The Virginia Right to Farm Act prohibits local authorities from treating agricultural activity as a "nuisance" -- which seems to be what's happening here, since Johnson was reportedly responding to complaints from nearby residents. Boneta already had a business license the county issued her in June 2011 that allowed her to operate a "retail farm shop" on her property. Her license application specifically noted her intention to sell handspun yarns, birdhouses, soaps and other handicrafts in addition to fresh vegetables, eggs, herbs and honey.

The following month, the Fauquier County Board of Supervisors changed the classification of "farm sales" to require a special administrative permit for activities that were in compliance with the ordinance just one month before. But documents received under the Freedom of Information Act showed that Boneta is the only farmer in Fauquier County who has ever been cited -- even though the county's own website lists dozens of farms that sell similar products to end-use customers.

On July 12, supervisors voted to limit the number of visitors allowed at food- and wine-tasting events to 25, and to limit such events to two per month, even though they were warned by the county attorney and Virginia Secretary of Agriculture and Forestry Todd Haymore that such restrictions are illegal. Virginia's growing wine industry and its small artisanal farmers contribute millions of dollars to the state economy while providing urban residents with a taste of country life. But even in picturesque Fauquier County, their future is clouded by the growing burden of capricious government regulation.
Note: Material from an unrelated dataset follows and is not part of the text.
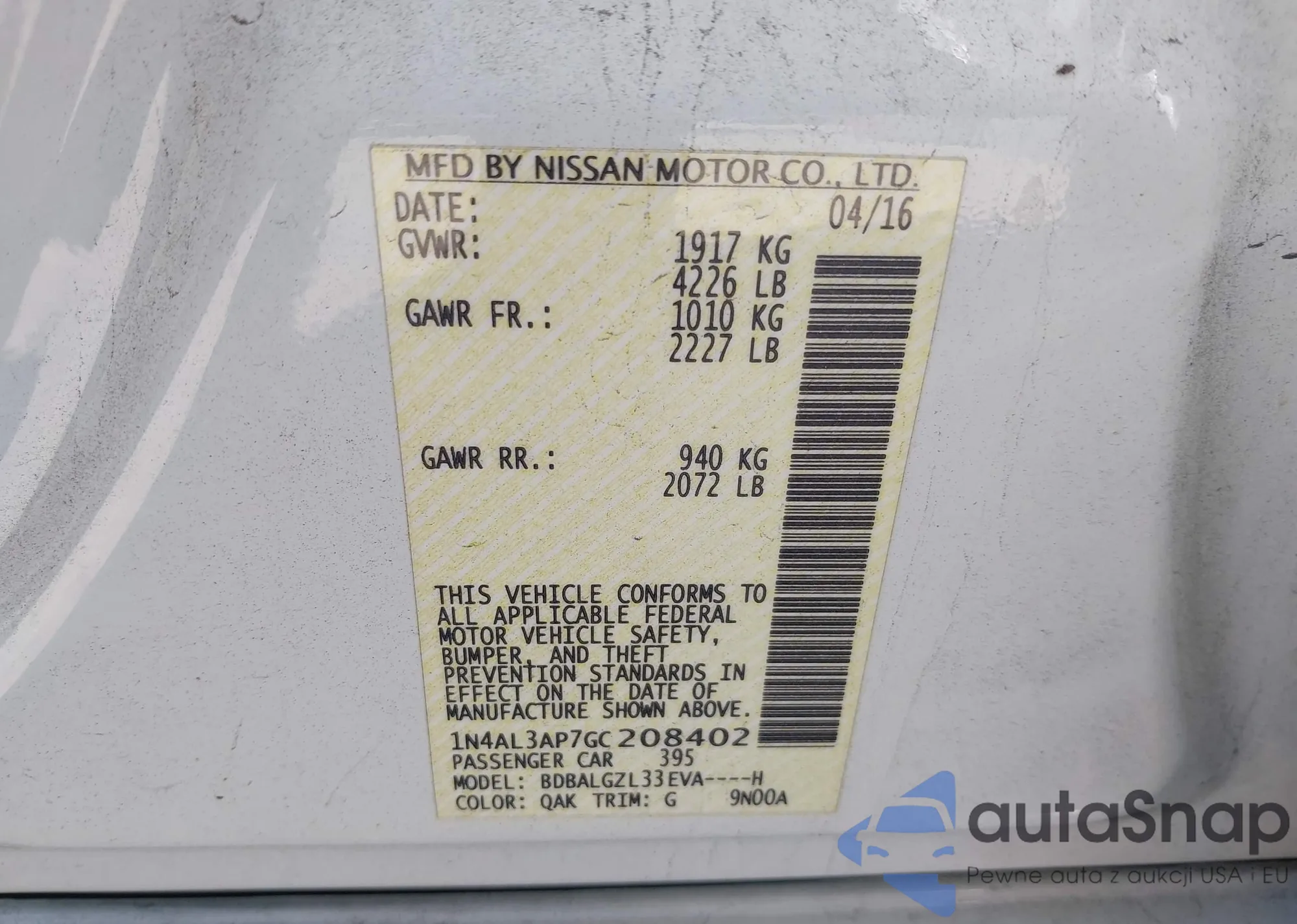 • VIN 1N4AL3AP7GC208402
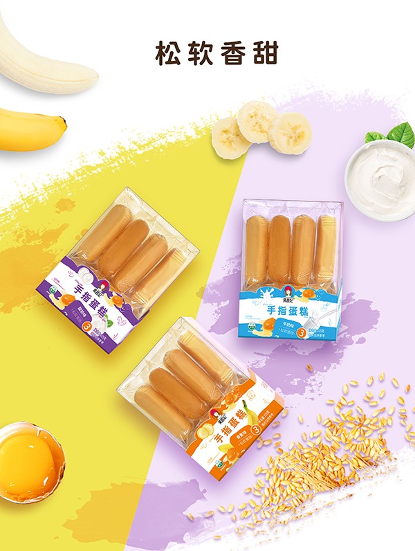 果蔬妃【手指蛋糕】生產(chǎn)過程中不添加人工色素、香精和防腐劑,堅守安全配方,選用有機雞蛋和有機面粉,采用烘烤工藝,松軟香甜,有香蕉、牛奶、酸奶3種口味供寶寶選擇!

Here is more commentary on the subject:
 

http://disruptthenarrative.com/2012/08/06/tyranny-coming-to-a-neighborhood-near-you/

Why is this beekeeping blog covering this?  We certainly we want to support our friends the Boneta's who have been huge proponents of the bees.

But also important are the impacts of this kind of government intervention on your beekeeping operations, or your honey sales, or your farmer's market activity.

Wednesday, August 1, 2012

Making a Few Queens, Part 2 VIDEO

After a poor first attempt, where I failed to provide a queenless hive for our bees, we try again with some queen-rearing equipment from Mann Lake to improve our success.